Provided data.
+ + + + + + +

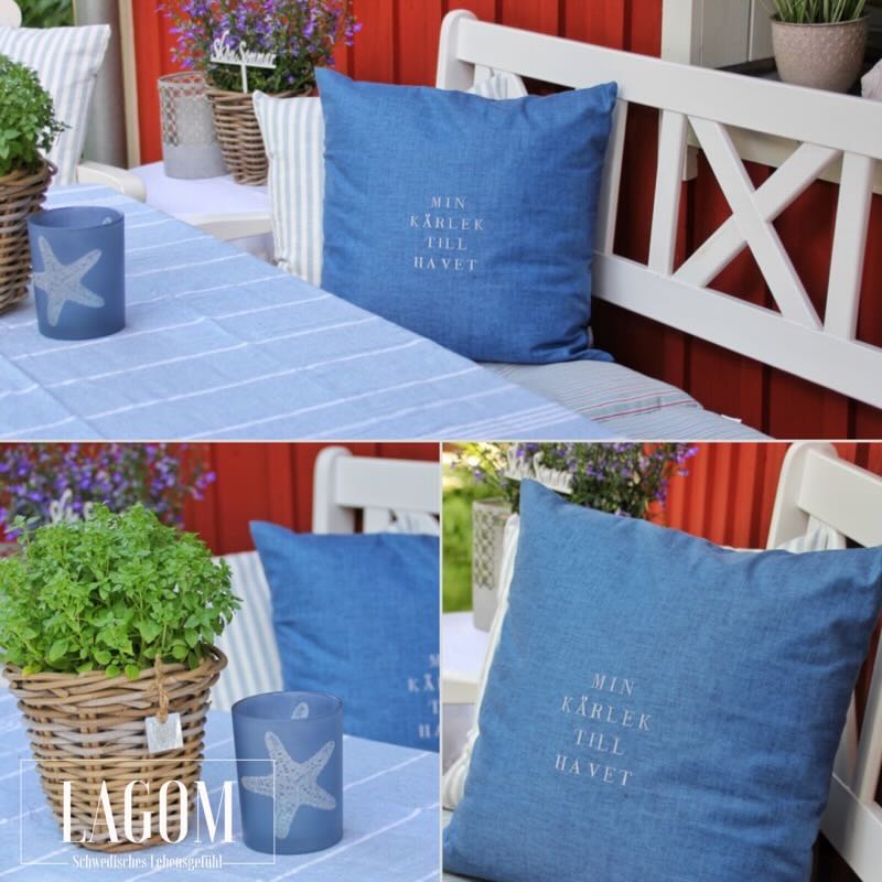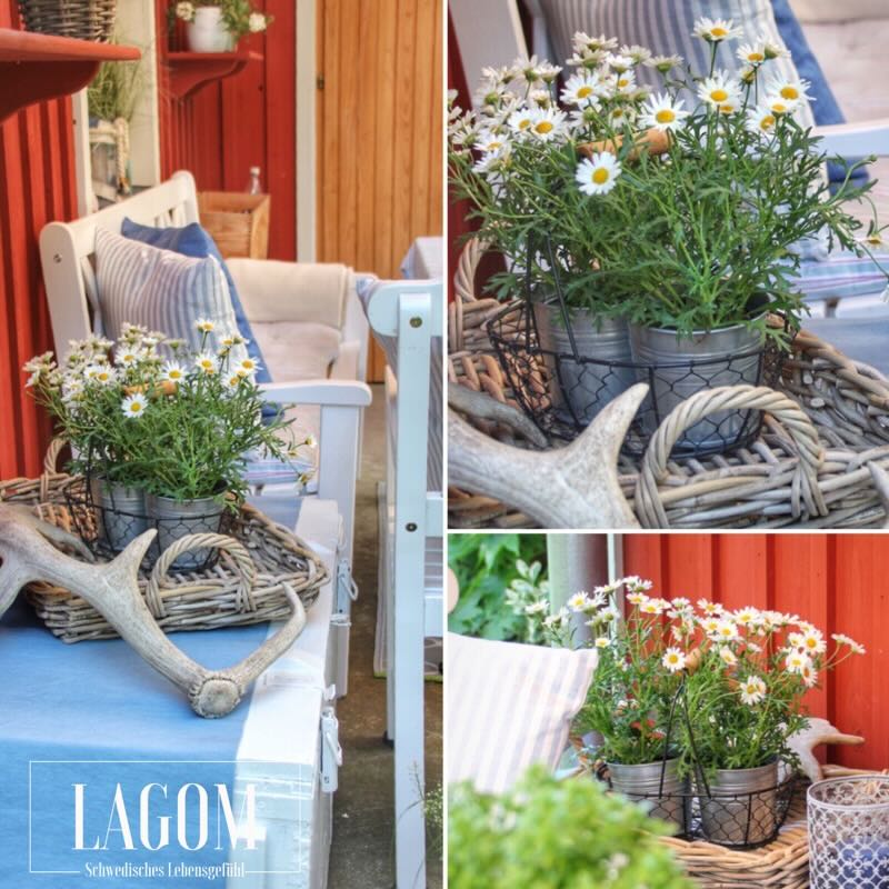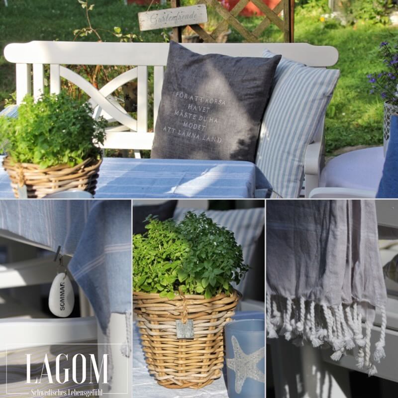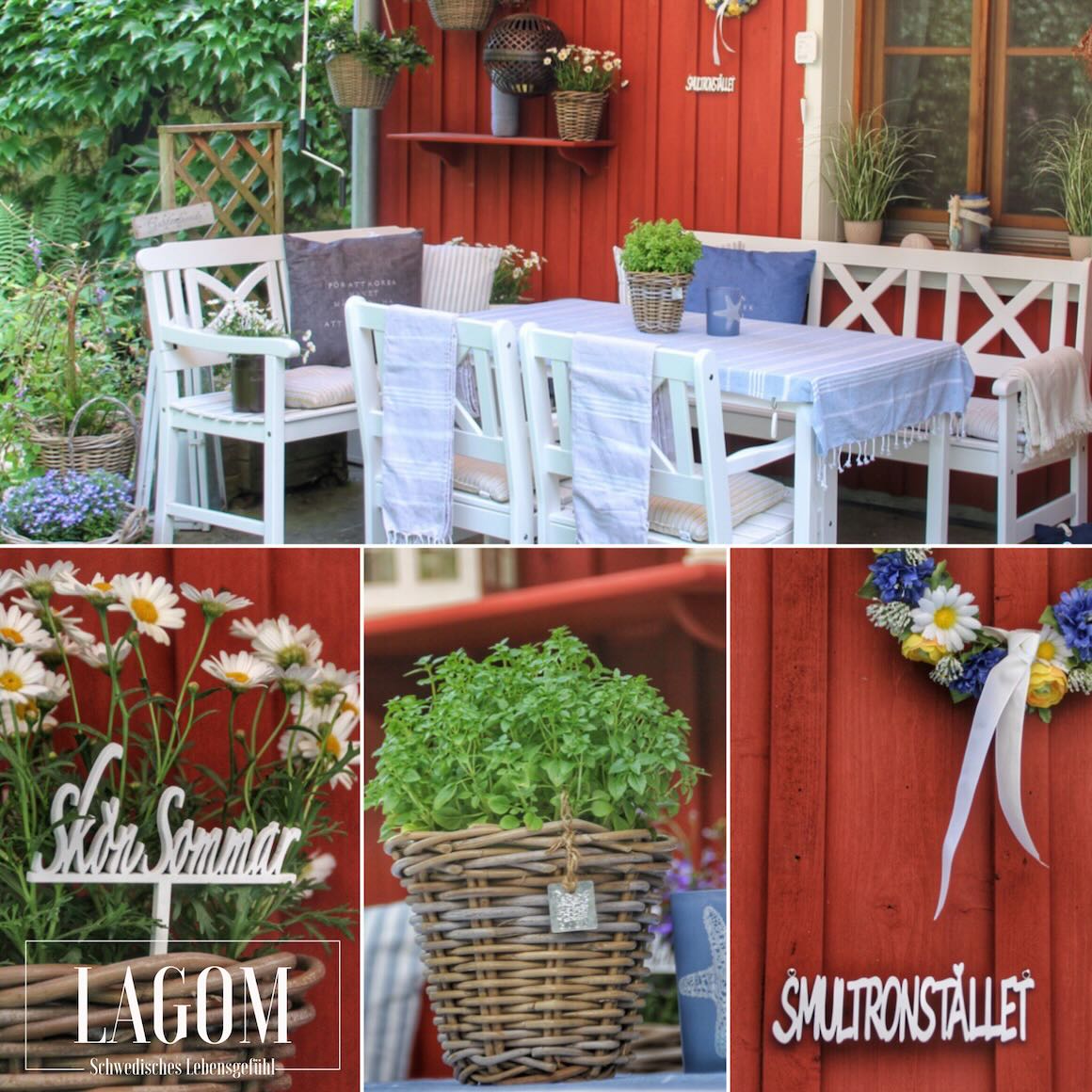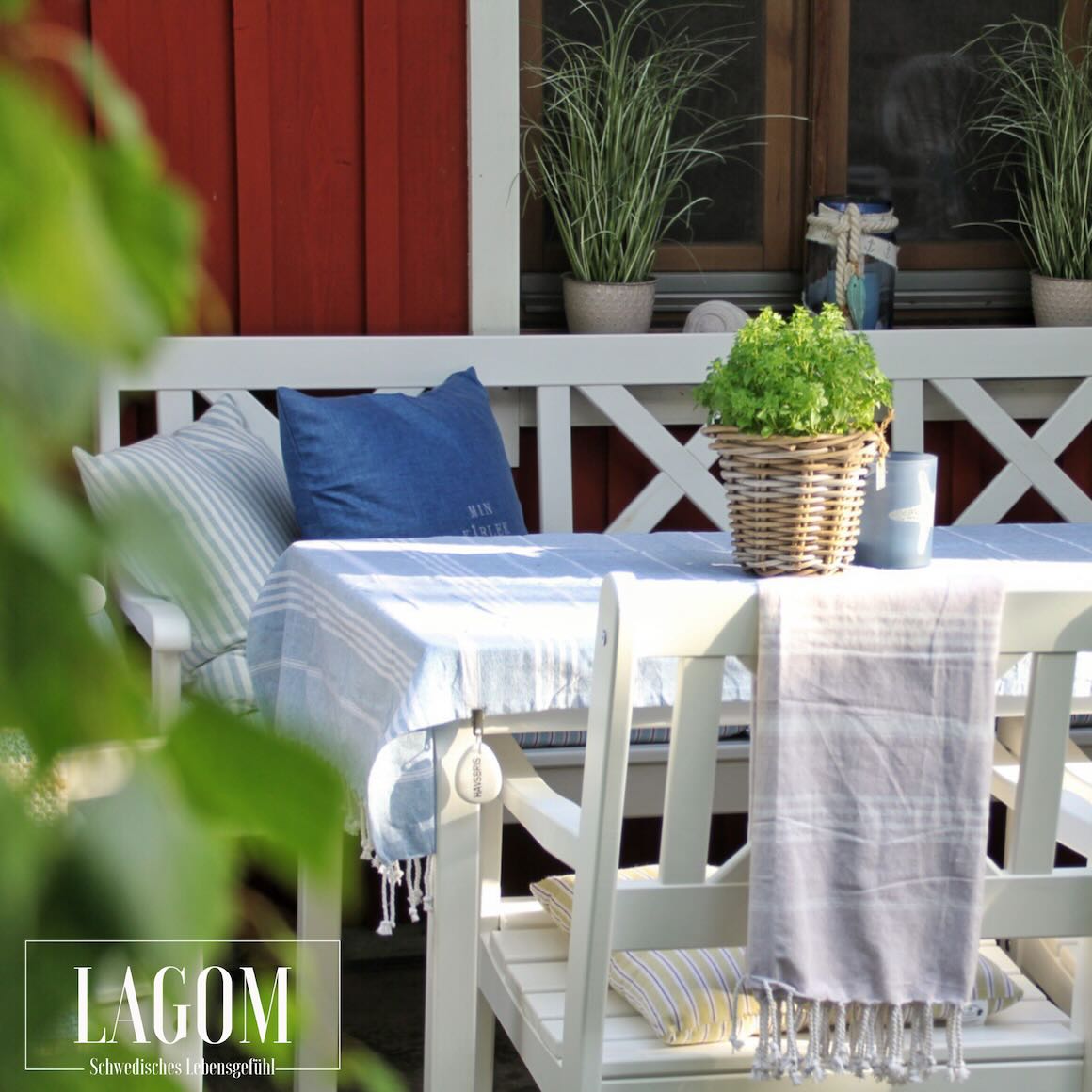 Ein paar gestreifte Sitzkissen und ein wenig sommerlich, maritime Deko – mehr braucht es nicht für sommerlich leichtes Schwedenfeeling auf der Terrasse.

+ + + + + + +

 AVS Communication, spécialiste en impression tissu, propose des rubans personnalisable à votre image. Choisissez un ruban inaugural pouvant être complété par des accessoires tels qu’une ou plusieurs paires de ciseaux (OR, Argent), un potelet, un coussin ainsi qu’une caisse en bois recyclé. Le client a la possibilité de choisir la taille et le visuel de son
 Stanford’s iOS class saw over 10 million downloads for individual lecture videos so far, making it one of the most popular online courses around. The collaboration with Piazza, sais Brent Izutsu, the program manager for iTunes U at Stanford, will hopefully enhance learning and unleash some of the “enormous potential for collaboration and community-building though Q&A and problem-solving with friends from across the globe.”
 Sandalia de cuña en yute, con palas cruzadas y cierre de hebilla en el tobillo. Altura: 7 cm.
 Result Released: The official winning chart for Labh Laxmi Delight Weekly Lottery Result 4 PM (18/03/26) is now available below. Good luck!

+ + + + + + +

Exercise objective. Please copy, exactly as written, every line in the listing above from the line with "Sandalia de cuña" up to and including the line with "Result Released: The".

Task answer.
 Sandalia de cuña en yute, con palas cruzadas y cierre de hebilla en el tobillo. Altura: 7 cm.
 Result Released: The official winning chart for Labh Laxmi Delight Weekly Lottery Result 4 PM (18/03/26) is now available below. Good luck!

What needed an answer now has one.